Here are three signs that you are progressing in your psychotherapy:
1. An Increase in Ego Strength.
Your ability to feel your emotions without feeling toppled by them is a good sign. Ego strength is not about the sense of what or who you think you are – that is more the concept of yourself, or you ‘self concept’.
The ego is the sense of being that you have. The ‘I am’ that is having the experience.
Having a strong ego essentially translates to being able to meet the experience of life as it is. Emotions are generally the signals of instinctual drives. Learning how to read them as signals more accurately, and to our advantage, is generally a step in a healthy direction. It is often when we misread these cues that we end up maladapting to the world, to other people, and to ourselves.

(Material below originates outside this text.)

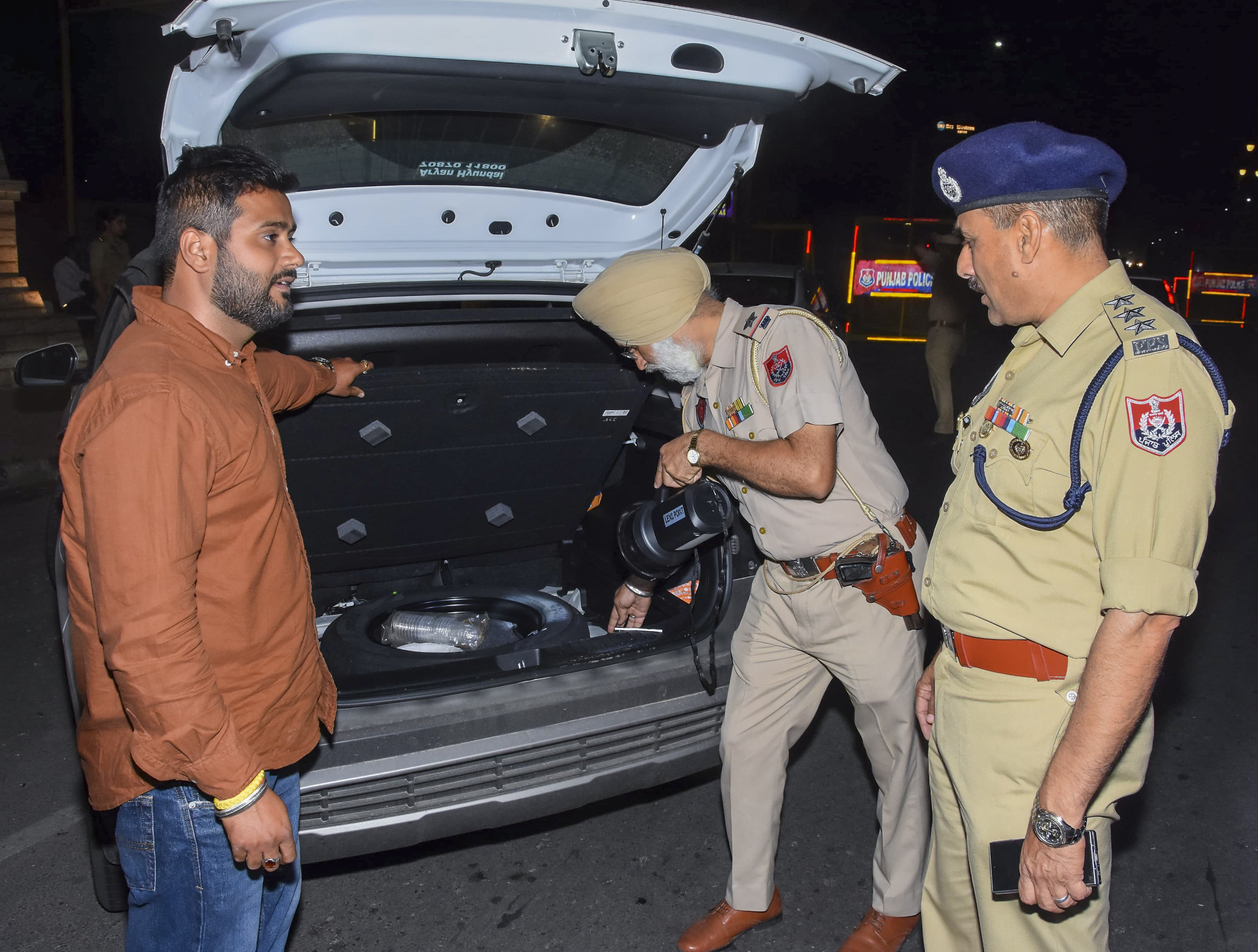Amritsar: Police personnel check a vehicle during a late-night inspection under operation ‘Satark�, in Amritsar, Friday, April 11, 2025. (PTI Photo) (PTI04_12_2025_000079B)

2. Things Can Get Worse Before They Get Better
It’s an odd one this, but, especially near the beginning of a therapeutic relationship things can sometimes feel like they are getting worse. Strangely this can be a good sign. Of course, the period that it lasts for needs to be taken into account, but generally speaking, for a certain period it is not uncommon, and no bad thing.
Sometimes, old patterns of behaviour, established in the past – e.g. the result of the patient being forced to make a poor decision in a bad situation – can amp up in intensity. Sometimes.
Sometimes this amplification of affect, of feeling our emotions, is a sign that the patient is learning to feel in a deeper way, that their ego is strengthening. This is why therapy can be uncomfortable, because often we are being called to go into the valid suffering we have been avoiding in order to release ourselves from the unnecessary suffering that we can end up repeating in an attempt to avoid facing the valid suffering, or the fear of it. This is an over simplification, and each case will vary, but the premise is generally true.
3. You Feel Better More of the Time (Except When…)
The clue is sort of in the language. Feeling Better. After all, isn’t that why we attend therapy, to heal? Perhaps the best metric for that is that we feel better. Too obvious? Well, Yes and no. Sigmund Freud, the founder of Psychoanalysis, identified a phenomena with patients he called ‘Flight to Health’ in which a patient might present as suddenly feeling much better thank you very much. This can even occur prior to a session. Previously wrapped up in symptoms when making the appointment a patient can arrive suddenly feeling much better. Or after a single session. This is not uncommon. Again, without contact it is very difficult to say when there is genuine healing taking place and this ‘flight to health.’ Psychotherapy really needs to be conducted on a case by case basis. However, the principle exists. This is another good reason why a block of sessions in a treatment plan is advised, and can be more helpful that single intermittent sessions. In the same way that a patients can suddenly get worse then they can suddenly get better.
The baseline though is still valid. If, over time, you realise that you are feeling better more of the time, then that is a good sign. If your symptoms ease, or your relationship to them changes for the better, if events, or situations, or people that you used to struggle with become tolerable, manageable, maybe even inconsequential, then these are indications that you are making good progress in psychotherapy.